Ja, diese kenne ich bereits. Aber  das nutzt meinen bisher "normal" gelöschten Daten nichts. :/


Sers
Sliver


----------



## metalgear (14. Oktober 2005)

Hallo 

Du möchtest also Datenreste in den freien Bereichen sicher überschreiben, wenn ich das richtig verstehe? Die meisten Löschprogramme beinhalten bereits so eine Tiefenreinigungs-Funktion. Ich benutze Steganos Safe, in das der Shredder integriert ist. 

Ich hab aber zusätzlich mal nach einem Freeware Tool gegoogelt - vielleicht reicht dir *DIESES * Miniprogramm ja schon vollkommen aus. Infos dazu bekommst Du *HIER *  

Das C't Magazin verlinkt zudem auf * DIESE * Freeware. Musst Du halt mal ausproberien, was deinen Ansprüchen besser genüge wird. 

Grüße 

metalgear


----------



## Alexander12 (14. Oktober 2005)

Hi.

Ja, so ein Shredder überschreibt die Dateien bis zu 40 Mal - Dann kannst sicher sein dass Sie weg sind, haha.


MfG Alexander12


----------



## Sliver (20. Oktober 2005)

metalgear hat gesagt.:
			
		

> Hallo
> 
> Du möchtest also Datenreste in den freien Bereichen sicher überschreiben, wenn ich das richtig verstehe? Die meisten Löschprogramme beinhalten bereits so eine Tiefenreinigungs-Funktion. Ich benutze Steganos Safe, in das der Shredder integriert ist.
> 
> ...




Danke vielmals!
Das Tool "GeloeschteDatenVernichten" kann man vergessen, läuft 10 Min. lang und trotzdem immer noch alles vorhanden. 

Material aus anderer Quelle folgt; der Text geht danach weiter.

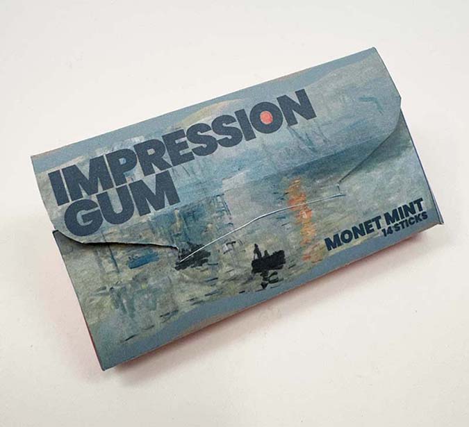 I really wanted the front flap of the package to come together to make one seamless photo of Monet’s painting, Impression, Sunrise. For the colors of my design, I used colors I found in the painting to create a more cohesive palette and design. Once I finished my design, it was time to do some test prints on printer paper to make sure that my design worked and lined up correctly. On my first test print, the painting did not quite line up, so I had to adjust the design so it would line up. I also had to adjust some of the colors because they printed out too light to be properly legible on the design. I also designed some gum wrappers to put inside the final result.

Der Eraser allerdings ist klasse! Man kann alles terminiert ablaufen lassen zudem ist ein Schredder für das Kontext Menü intrigriert!
Was teilweise auch sein muss, bei meiner 80GB Platte läuft es im Schnitt 5 - 6 Std. dafür ist dann aber auch wirklich alles bereinigt. Bei der 200GB Platte hab ich es noch nicht probiert... wird wahrscheinlich lange dauern. 


Danke nochmals!


----------